On 11 November 1985, Brooke was among 16 First World War poets commemorated on a slate monument unveiled in Poets' Corner in Westminster Abbey. The inscription on the stone was written by a fellow war poet, Wilfred Owen. It reads: "My subject is War, and the pity of War. The Poetry is in the pity."

The wooden cross that marked Brooke's grave on Skyros, which was painted and carved with his name, was removed when a permanent memorial was made there. His mother, Mary Ruth Brooke, had the cross brought to Rugby, to the family plot at Clifton Road Cemetery. Because of erosion in the open air, it was removed from the cemetery in 2008 and replaced by a more permanent marker. The Skyros cross is now at Rugby School with the memorials of other Old Rugbeians.

The first stanza of "The Dead" is inscribed onto the base of the Royal Naval Division War Memorial in London.

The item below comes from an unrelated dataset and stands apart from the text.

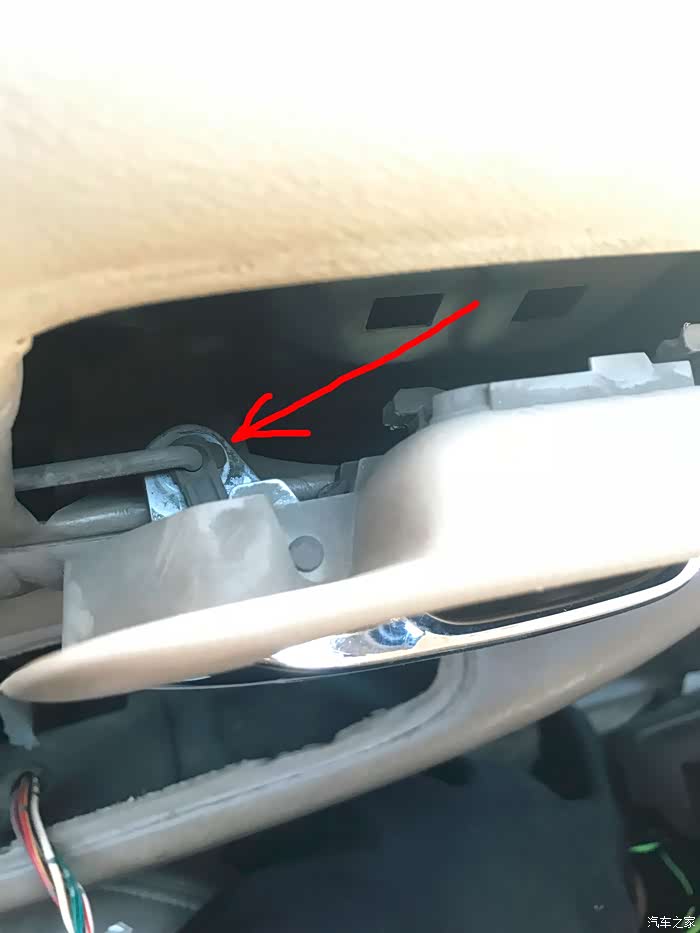 即可看到门锁拉杆(箭头所指处),此拉杆是钩在杠杆连接件上的,小心将拉杆从连接件上脱开,既可拿下拉手盖板

The Cenotaph in Wellington, New Zealand, has the words from "The Dead","These laid the world away; poured out the red Sweet wine of youth; gave up the years to be Of work and joy, and that unhoped serene, That men call age; and those who would have been, Their sons, they gave, their immortality" inscribed on the pediment.

In 1988, the sculptor Ivor Roberts-Jones was commissioned to produce a statue of Brooke at Regent Place, a small triangular open space, in his birth town of Rugby, Warwickshire. The statue was unveiled by Mary Archer.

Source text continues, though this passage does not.